- Prompt:
Reproduce only this stretch of the listing below: from the line with "Με ιδιαίτερη επιτυχία" through the line with "- DIMENSIONS: 12", exactly as written, with pictures excluded.

- Records:
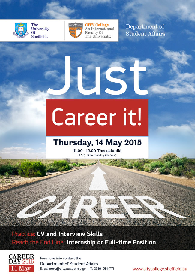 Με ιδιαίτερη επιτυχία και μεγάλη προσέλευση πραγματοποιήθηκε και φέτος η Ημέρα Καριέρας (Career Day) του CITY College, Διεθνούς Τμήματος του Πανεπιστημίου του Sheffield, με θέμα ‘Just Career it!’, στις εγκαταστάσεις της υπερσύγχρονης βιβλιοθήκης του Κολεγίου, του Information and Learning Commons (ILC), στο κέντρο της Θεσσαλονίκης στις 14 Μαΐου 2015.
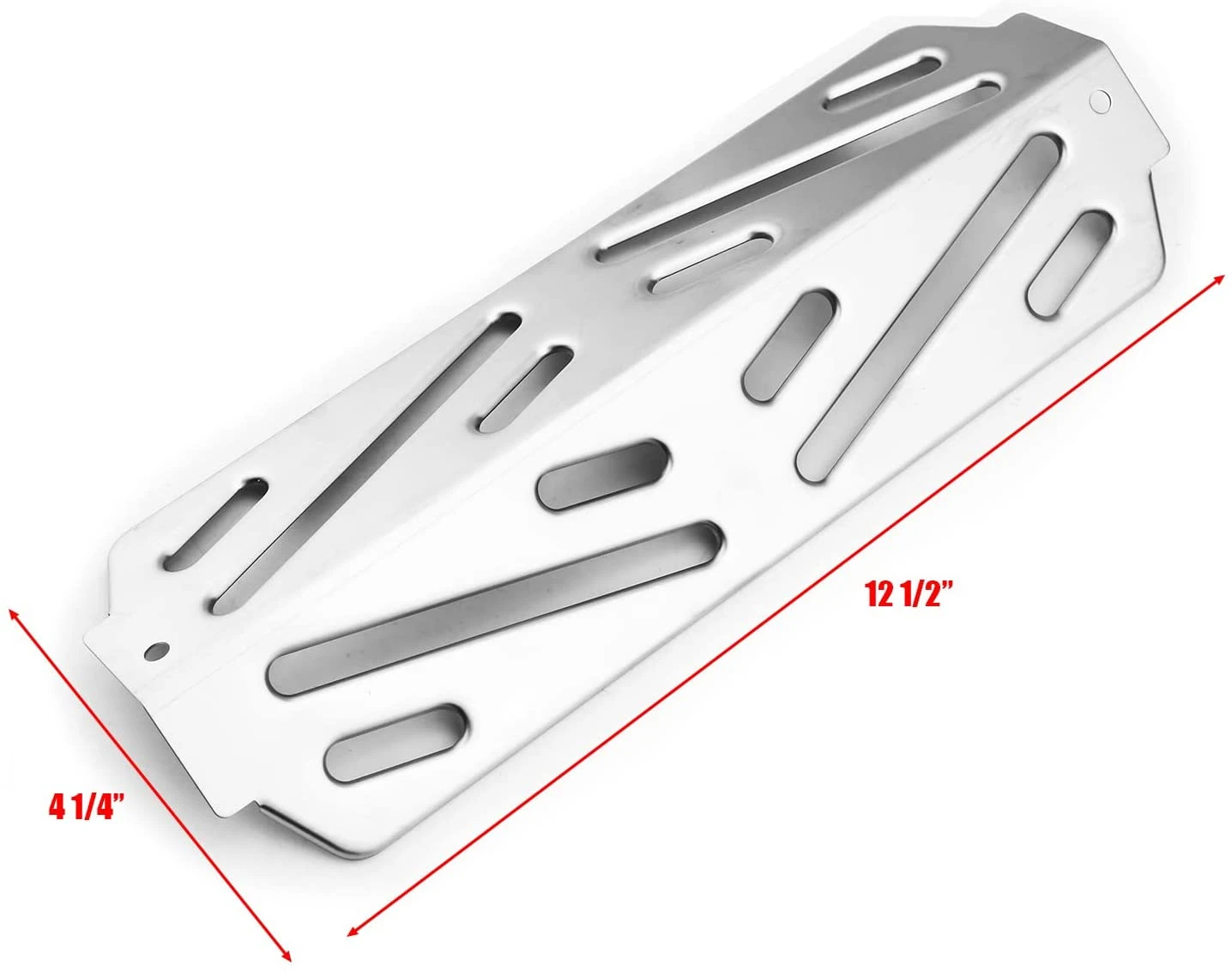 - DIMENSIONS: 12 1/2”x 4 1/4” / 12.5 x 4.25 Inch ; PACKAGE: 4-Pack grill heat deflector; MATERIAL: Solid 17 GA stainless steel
...
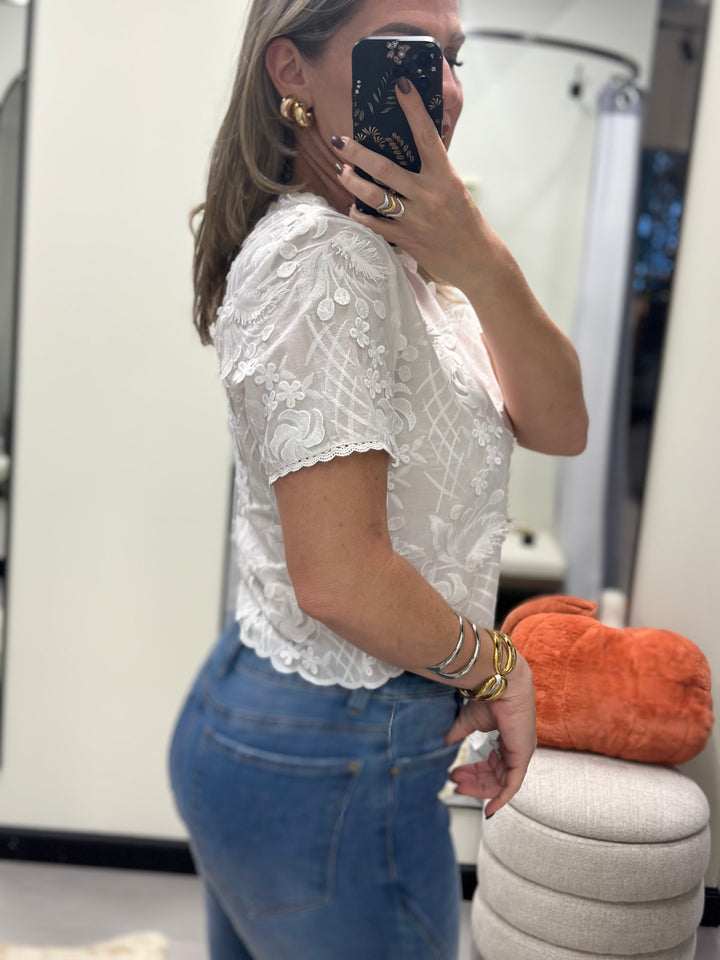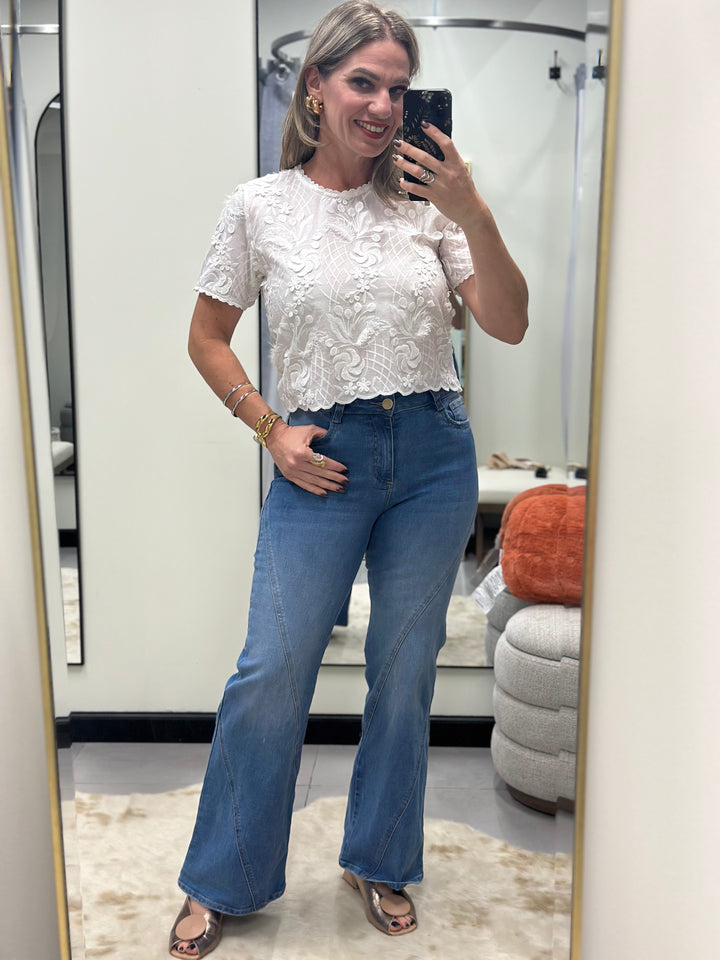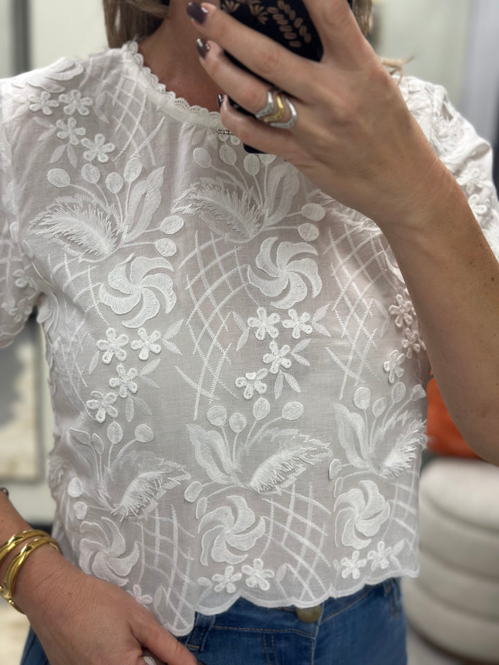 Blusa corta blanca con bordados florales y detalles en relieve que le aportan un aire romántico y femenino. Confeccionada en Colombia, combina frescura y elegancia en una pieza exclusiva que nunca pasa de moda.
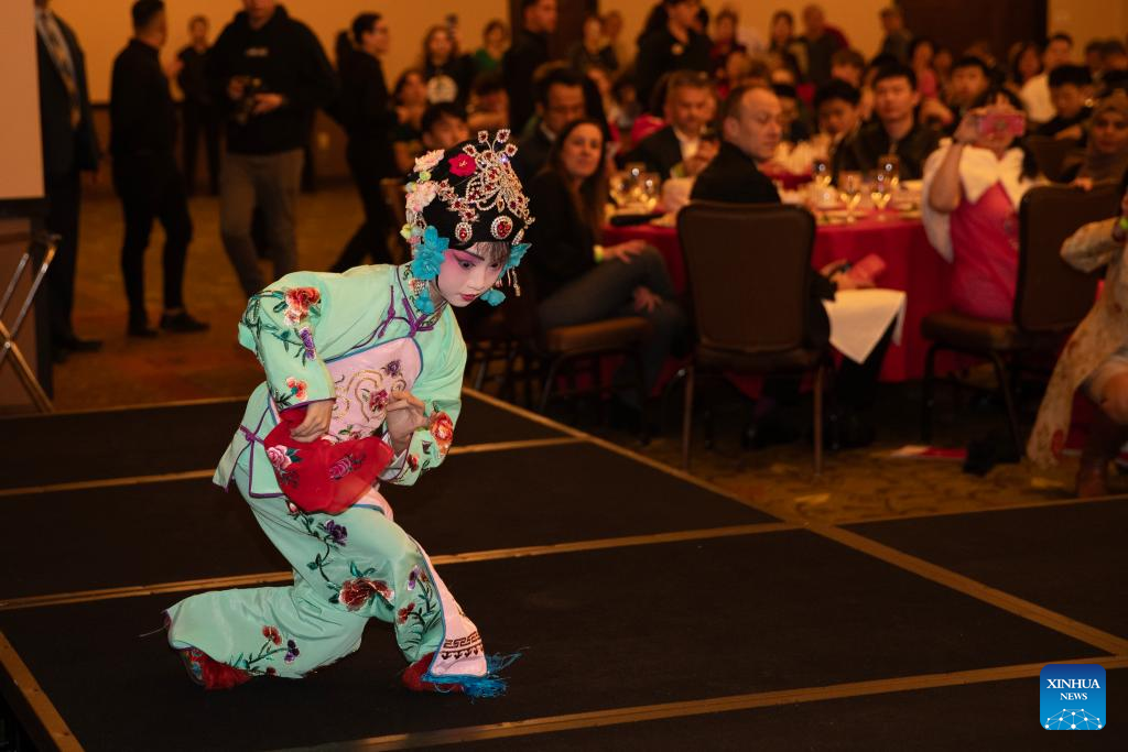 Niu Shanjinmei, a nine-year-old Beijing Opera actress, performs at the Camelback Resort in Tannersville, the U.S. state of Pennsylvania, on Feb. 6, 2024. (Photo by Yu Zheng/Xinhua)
--
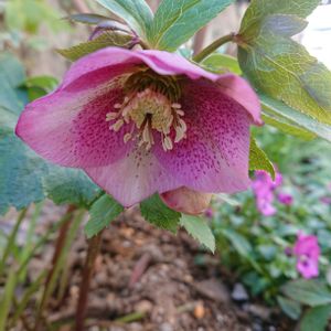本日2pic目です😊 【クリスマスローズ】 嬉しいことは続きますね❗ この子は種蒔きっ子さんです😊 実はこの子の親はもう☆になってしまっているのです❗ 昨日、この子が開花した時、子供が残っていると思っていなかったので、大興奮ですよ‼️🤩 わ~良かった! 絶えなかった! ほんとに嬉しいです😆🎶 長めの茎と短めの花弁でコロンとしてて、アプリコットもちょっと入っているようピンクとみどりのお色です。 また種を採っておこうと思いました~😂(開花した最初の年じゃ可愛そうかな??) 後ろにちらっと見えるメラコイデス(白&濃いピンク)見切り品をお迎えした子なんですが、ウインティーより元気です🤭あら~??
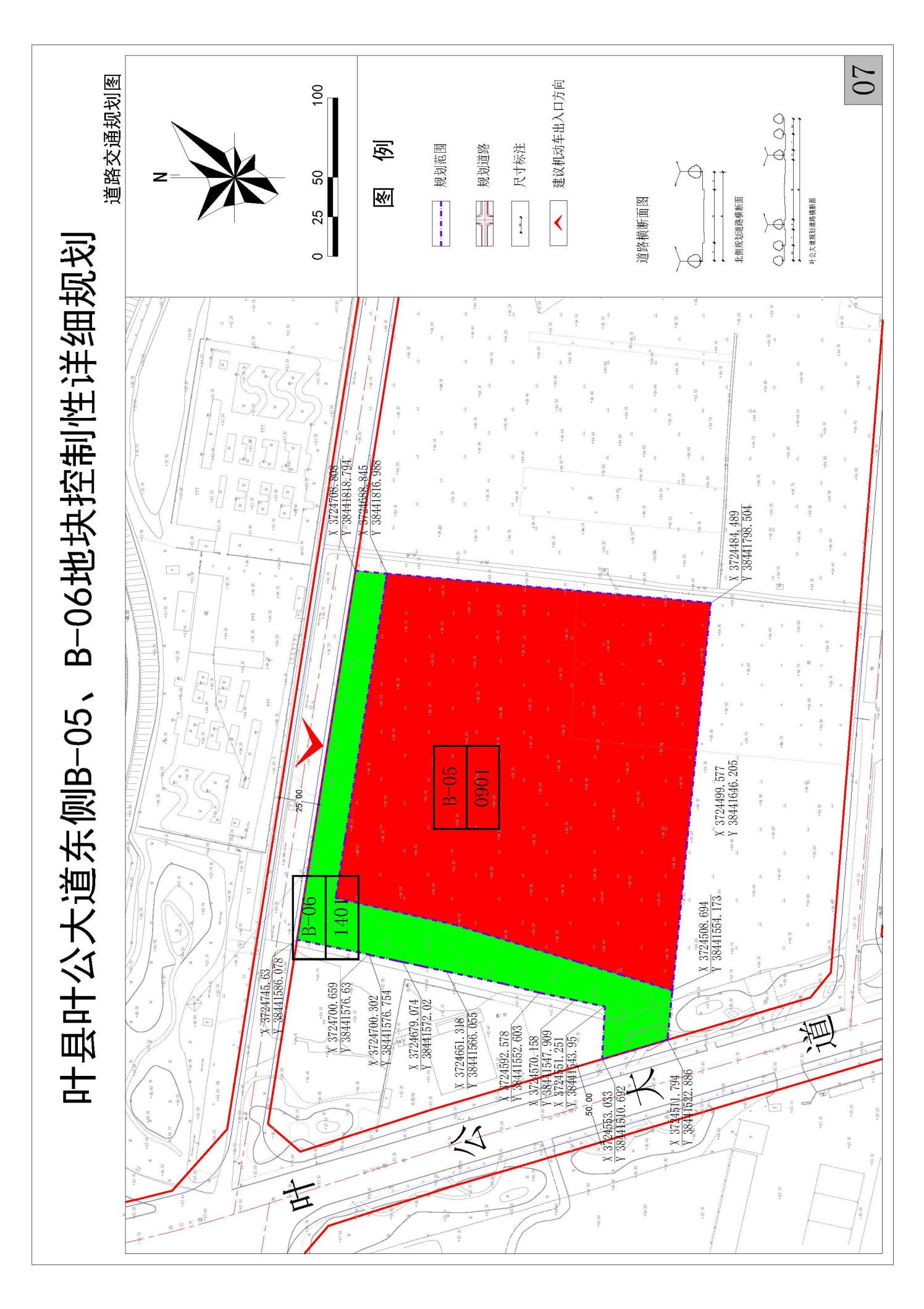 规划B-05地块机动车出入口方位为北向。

- Answer:
 Με ιδιαίτερη επιτυχία και μεγάλη προσέλευση πραγματοποιήθηκε και φέτος η Ημέρα Καριέρας (Career Day) του CITY College, Διεθνούς Τμήματος του Πανεπιστημίου του Sheffield, με θέμα ‘Just Career it!’, στις εγκαταστάσεις της υπερσύγχρονης βιβλιοθήκης του Κολεγίου, του Information and Learning Commons (ILC), στο κέντρο της Θεσσαλονίκης στις 14 Μαΐου 2015.
 - DIMENSIONS: 12 1/2”x 4 1/4” / 12.5 x 4.25 Inch ; PACKAGE: 4-Pack grill heat deflector; MATERIAL: Solid 17 GA stainless steel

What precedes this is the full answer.